Canonical partition function for different systems

Question

As a homework exercise for Advanced Statistical Mechanics I need to derive the canonical partition functions for the following systems:

• Single component ideal gas on a square lattice
• Single component ideal gas in real space
• Partition function for a lattice gas on a square lattice where each lattice site can only have a single particle, but neighbouring particles do not interact

I do not want any final answers as I would like to derive them myself, but I'd like to know a strategy on how to solve this problem. My guess is that I have to use the general formula for the canonical partition function $$ Z(N,V,T) = \sum_mexp(-\beta \epsilon_m) $$ Where $e_m$ is the energy of state $m$ and $\beta = 1/k_bT$.

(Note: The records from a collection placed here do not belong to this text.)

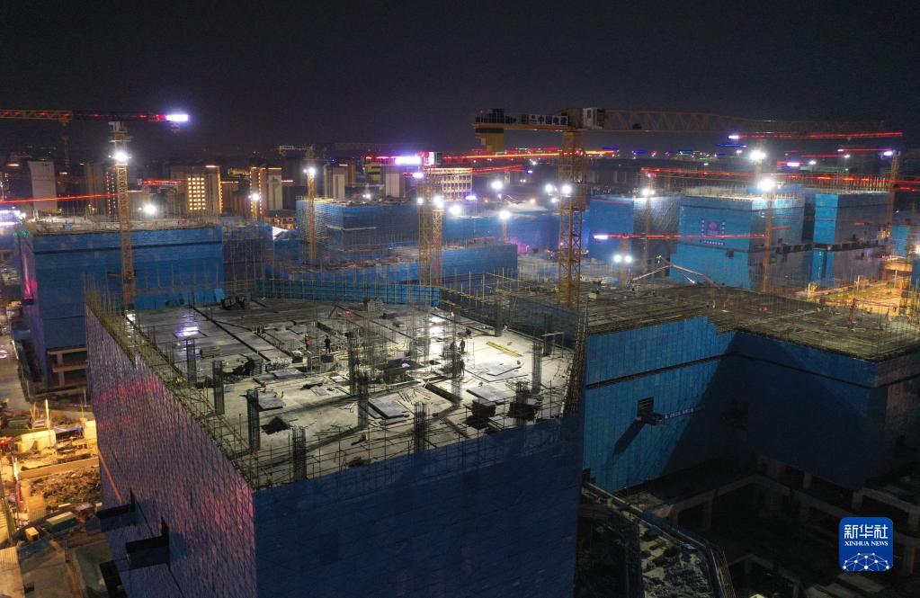 河北雄安新區容東片區雄安·電建智匯城建設項目夜景(8月17日攝,無(wú)人機照片)。
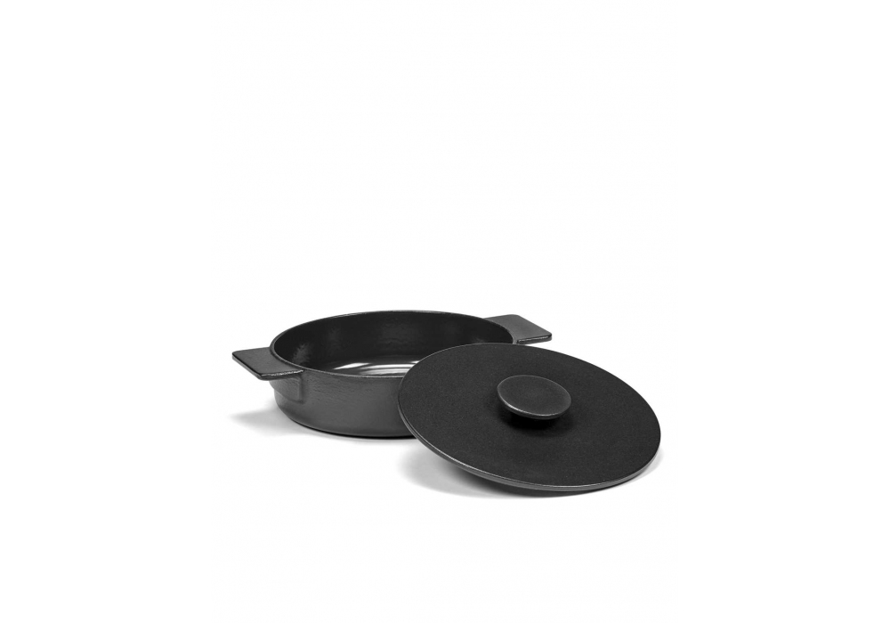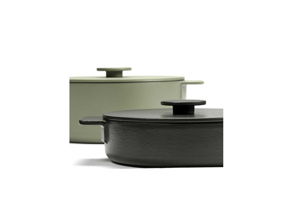 Pot designed by Sergio Herman for Serax is a saucepan with handles, entirely made of black or green painted cast iron.
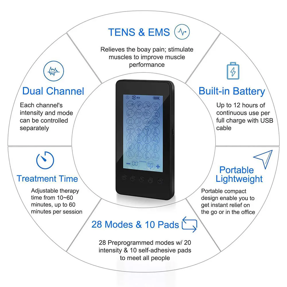 28 режимов низкочастотный EMS Электрический мышечный Стимулятор цифровой физиотерапевтические аппараты ЧЭНС Оборудование Вибрационный массаж тела тормозные колодки
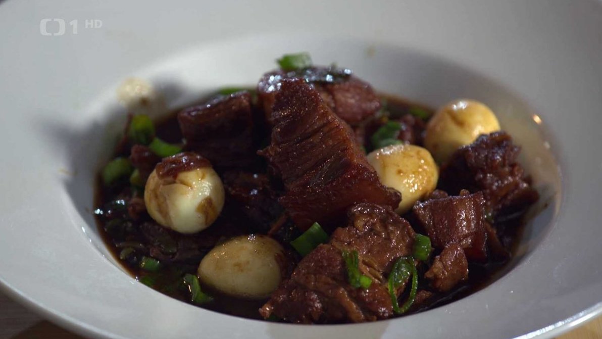 Přidáme sójové omáčky, víno, rýžový ocet, skořici, badyán, bobkový list, chilli papričky, plátky zázvoru, prolisovaný česnek, sečuánský pepř, podlijeme trochou vody a necháme podusit pod pokličkou cca 45 minut.
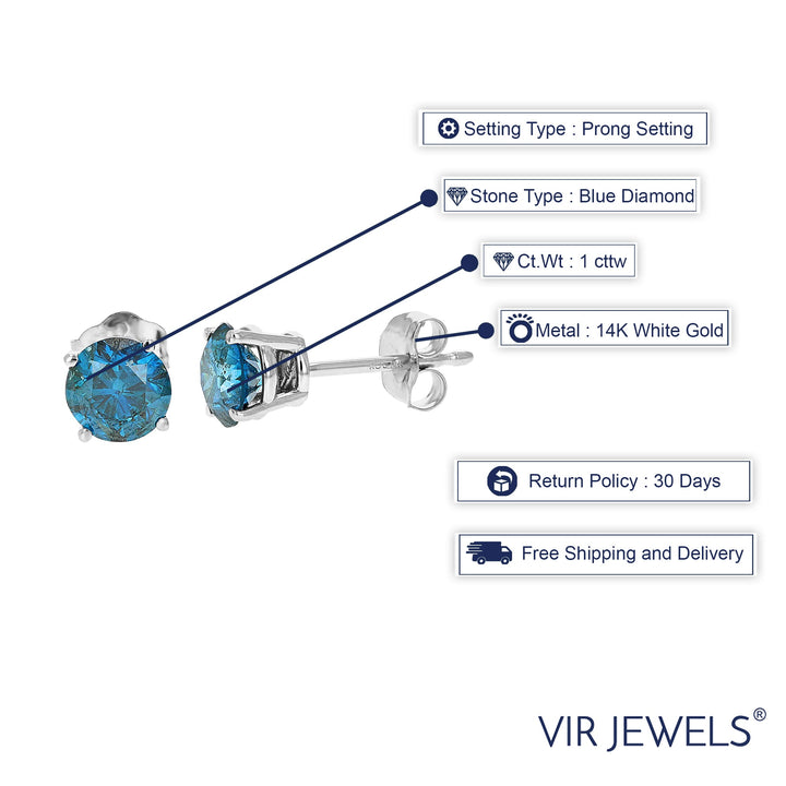 1 cttw Blue Diamond Stud Earrings 14K White Gold Round Shape with Push Backs Prong Set
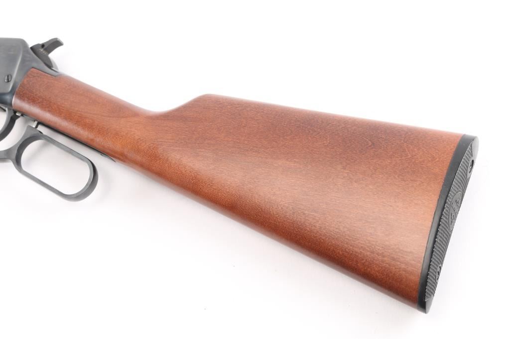 GOOD: Some minor replacement parts; metal smoothly rusted or lightly pitted in places, cleaned or re-blued; principal letters, numerals and design on metal legible; wood refinished, scratched bruised or minor cracks repaired; in good working order.

Normally when solving these kind of problems I simply determine $e_m$ but I'm not sure how to do this for this problem.

Answer 1

The correct formula for the canonical partition function is

$Z = \sum_{\sigma \in \text{conf}} e^{- \beta E(\sigma)} $,

where $\sigma$ is a configuration and $E$ is the energy functional. Now if you want to want to transfer this to a sum over energies, one obtains

$Z = \sum_{E \in \text{Spec}} N(E) e^{-\beta E} $

in the case where Spec, the set of possible energies is discrete and $N(E)$ is the number of states with a given energy; and

$Z = \int_0^\infty \rho(E) e^{-\beta E} d E $

for a continuous set of energies, and w.l.o.g. the lowest energy was set to zero. Here $\rho(E) \geq 0$ is the density of states.

Now to your problems. Recall that "ideal" means that the particles are non-interacting. That means that the partition function $Z_N$ of $N$ particles is given as

$Z_N = (Z_1)^N , $

where $Z_1$ is the partition function of one particle (try proving this if you are not sure why). Then in the first two cases it might be good idea to enumerate the particles by their momentum or their crystal momentum. For the last problem you simply have to restrict the configurations to those with no particles at the same lattice point.

I hope i haven't given away too much and have still helped you!